■ Given information:
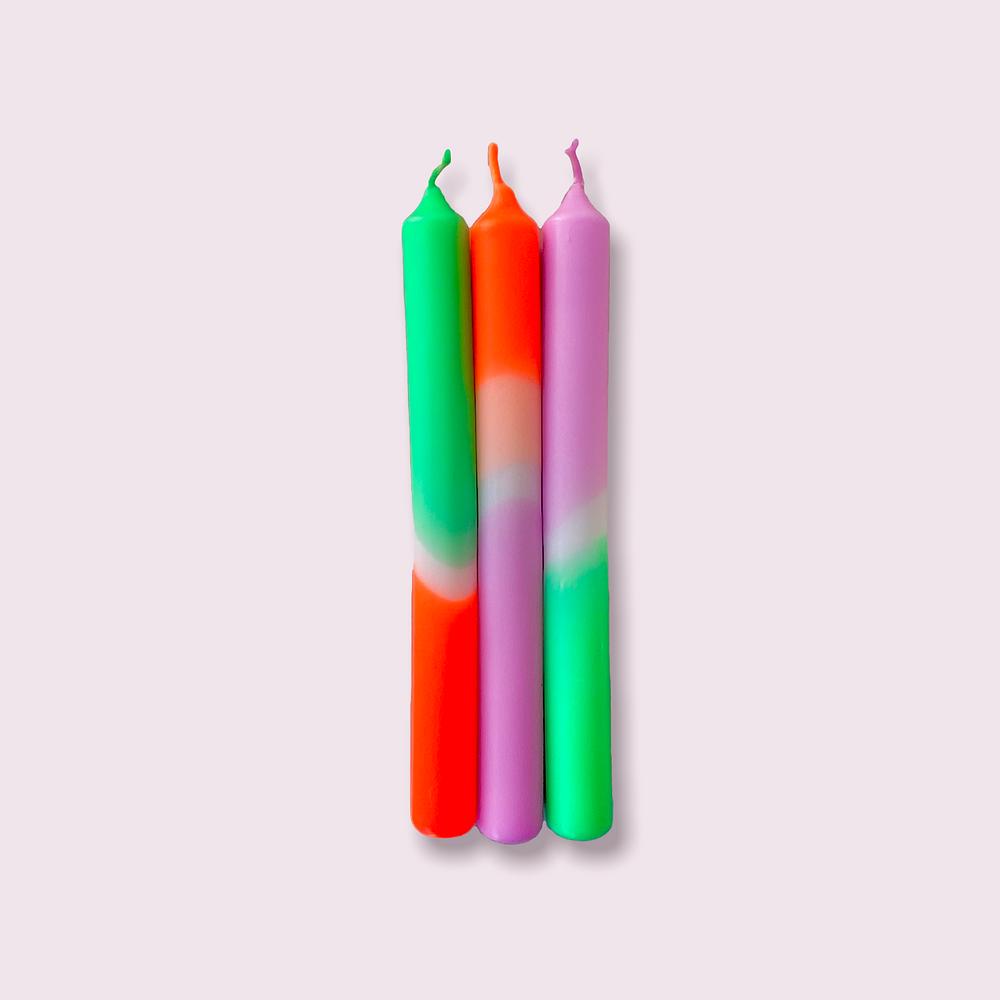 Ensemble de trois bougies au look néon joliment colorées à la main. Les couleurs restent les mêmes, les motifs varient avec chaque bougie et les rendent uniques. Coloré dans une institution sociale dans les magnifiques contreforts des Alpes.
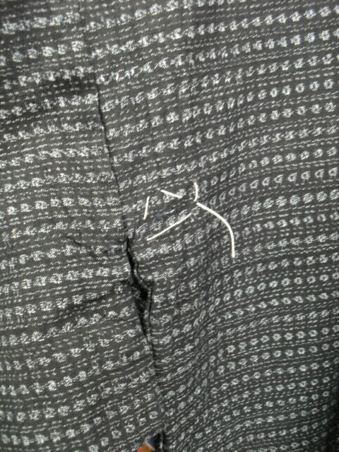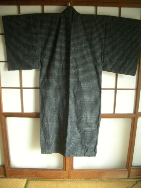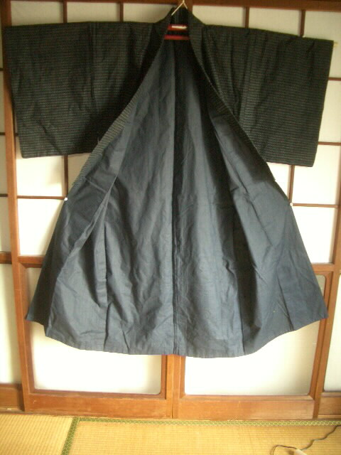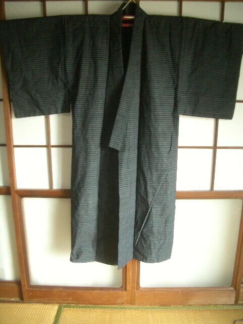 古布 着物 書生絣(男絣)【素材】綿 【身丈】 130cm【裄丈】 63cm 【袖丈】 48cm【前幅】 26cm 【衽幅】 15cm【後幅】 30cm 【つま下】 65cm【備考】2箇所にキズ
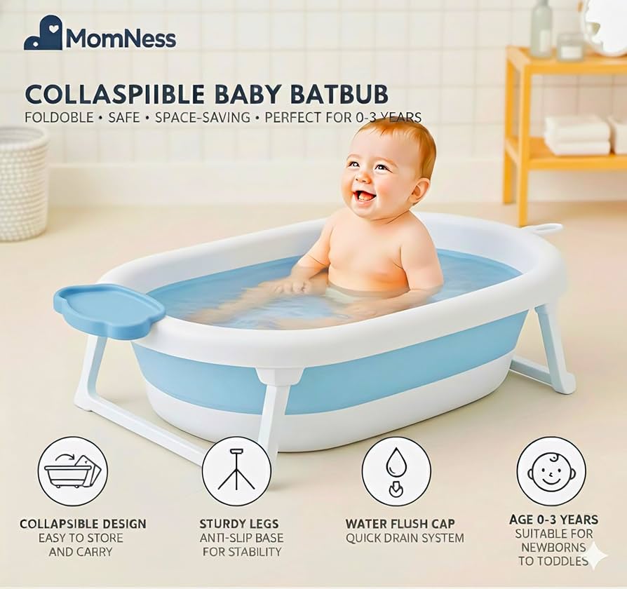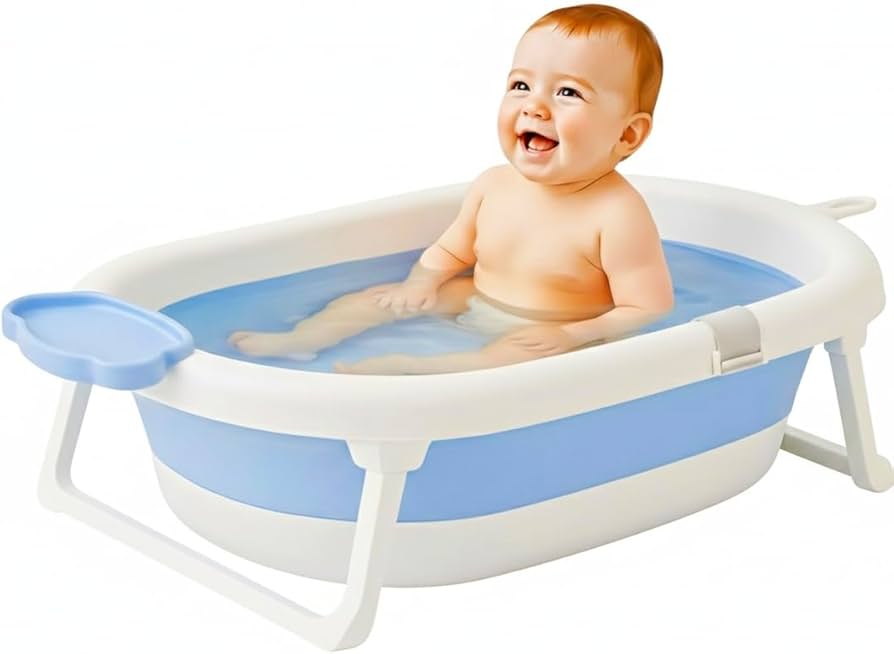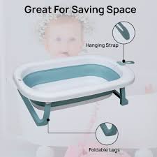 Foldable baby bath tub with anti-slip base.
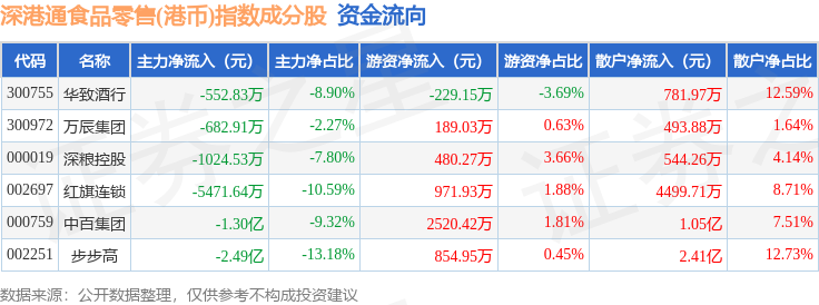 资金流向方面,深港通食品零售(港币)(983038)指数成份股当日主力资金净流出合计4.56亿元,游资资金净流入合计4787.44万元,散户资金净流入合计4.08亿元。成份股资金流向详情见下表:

■ Your objective:
Take the line with "古布 着物 書生絣(男絣)【素材】綿" and each line after it through the end of the material above, and reproduce them exactly, both ends included, without pictures.

■ Result of the task:
 古布 着物 書生絣(男絣)【素材】綿 【身丈】 130cm【裄丈】 63cm 【袖丈】 48cm【前幅】 26cm 【衽幅】 15cm【後幅】 30cm 【つま下】 65cm【備考】2箇所にキズ
 Foldable baby bath tub with anti-slip base.
 资金流向方面,深港通食品零售(港币)(983038)指数成份股当日主力资金净流出合计4.56亿元,游资资金净流入合计4787.44万元,散户资金净流入合计4.08亿元。成份股资金流向详情见下表:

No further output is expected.